Jonathan David Haidt (; born October 19, 1963) is an American social psychologist and author. He is the Thomas Cooley Professor of Ethical Leadership at the New York University Stern School of Business. His main areas of study are the psychology of morality and moral emotions.

Haidt's main scientific contributions come from the psychological field of moral foundations theory, which attempts to explain the evolutionary origins of human moral reasoning on the basis of innate, gut feelings rather than logic and reason. The theory was later extended to explain the different moral reasoning and how they relate to political ideology, with different political orientations prioritizing different sets of morals. The research served as a foundation for future books on various topics.

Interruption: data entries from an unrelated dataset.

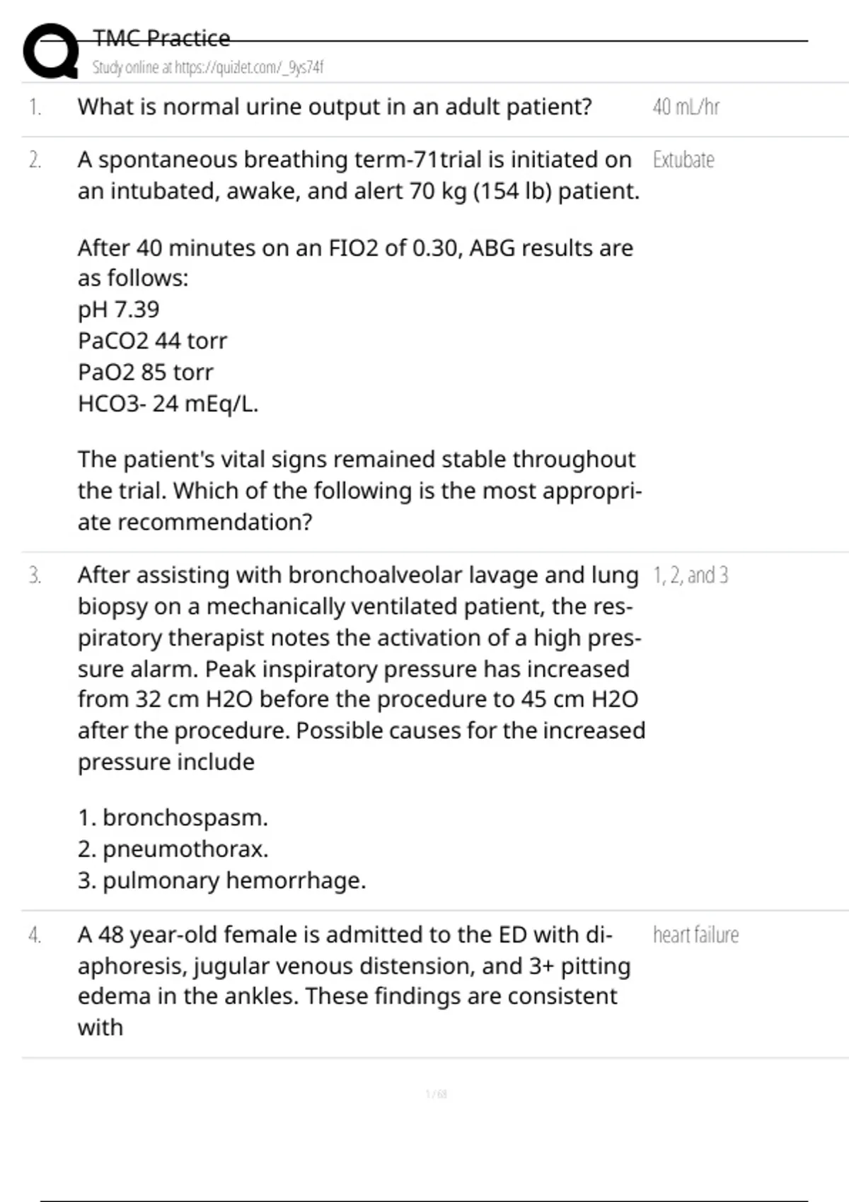 1. What is normal urine output in an adult patient? 40 mL/hr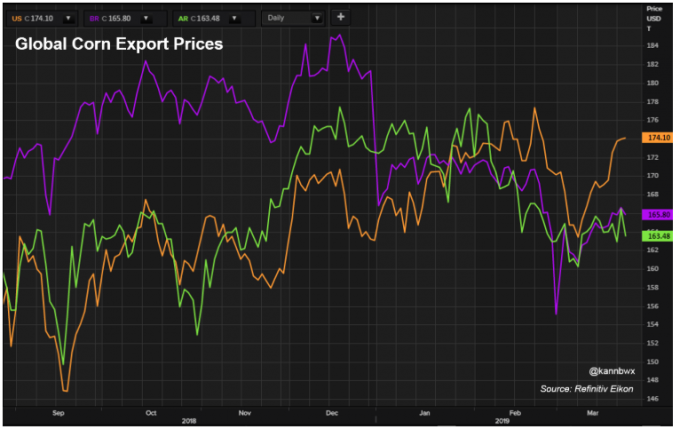 Экспортные цены на кукурузу в США в настоящее время выше, чем в Бразилии или Аргентине, и из-за недавнего наводнения, вызвавшего логистические трудности, транспортные расходы не обязательно сделают продукцию США более привлекательной.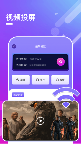 2.视频投屏播放,选择同一局域网下的电视或者屏幕等任何支持投屏的设备,一键投屏,轻松投屏没压力!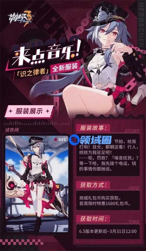 来点音乐是游戏中识之律者的新皮肤,设计题材以为音乐为主,你可在服装上看到许多和音乐有关的元素,技能特效也是围绕了该元素塑造,释放的瞬间有酷炫的画面演出和音效,专为喜欢音游的玩家量身定做。相信细心的玩家已经发现了这次新版本更新的内容几乎离不开音乐,新女武神也一样,大招是全新的敲打音符方式,可在战斗中尽情享受敲击的乐趣,这款皮肤和上一款沙滩主题皮肤相比逊色不少,不够清凉,外观到比较新颖,喜欢的玩家可以入手,售价1680礼包币,接下来为大家介绍一下崩坏3识之律者来点音乐皮肤外观一览。

Haidt has written three books for general audiences: The Happiness Hypothesis: Finding Modern Truth in Ancient Wisdom (2006) explores the relationship between ancient philosophies and modern science; The Righteous Mind: Why Good People are Divided by Politics and Religion (2012) examines how morality is shaped by emotion and intuition more than by reasoning, and why differing political groups have different notions of right and wrong; and The Coddling of the American Mind: How Good Intentions and Bad Ideas Are Setting Up a Generation for Failure (2018), co-written with Greg Lukianoff, explores the rising political polarization and changing culture on college campuses, and its effects on mental health.

Haidt has attracted both support and criticism for his critique of the current state of universities and his interpretation of progressive values. He has been named one of the "top global thinkers" by Foreign Policy magazine, and one of the "top world thinkers" by Prospect magazine. He is among the most cited researchers in political and moral psychology, and is considered among the top 25 most influential living psychologists.

Biography 
Haidt is Jewish and was born in New York City, and raised in Scarsdale, New York. His grandparents were immigrants from Russia and Poland.

Education and career 
Haidt received a BA in philosophy from Yale University in 1985, and a PhD in psychology from the University of Pennsylvania in 1992. He then studied cultural psychology at the University of Chicago as a postdoctoral fellow, supervised by Jonathan Baron and Alan Fiske (at the University of Pennsylvania), and cultural anthropologist Richard Shweder (University of Chicago). At Shweder's suggestion, he visited Orissa, India, to continue his research. In 1995, Haidt was hired as an assistant professor at the University of Virginia, where he worked until 2011, winning four awards for teaching, including a statewide award conferred by the Governor of Virginia.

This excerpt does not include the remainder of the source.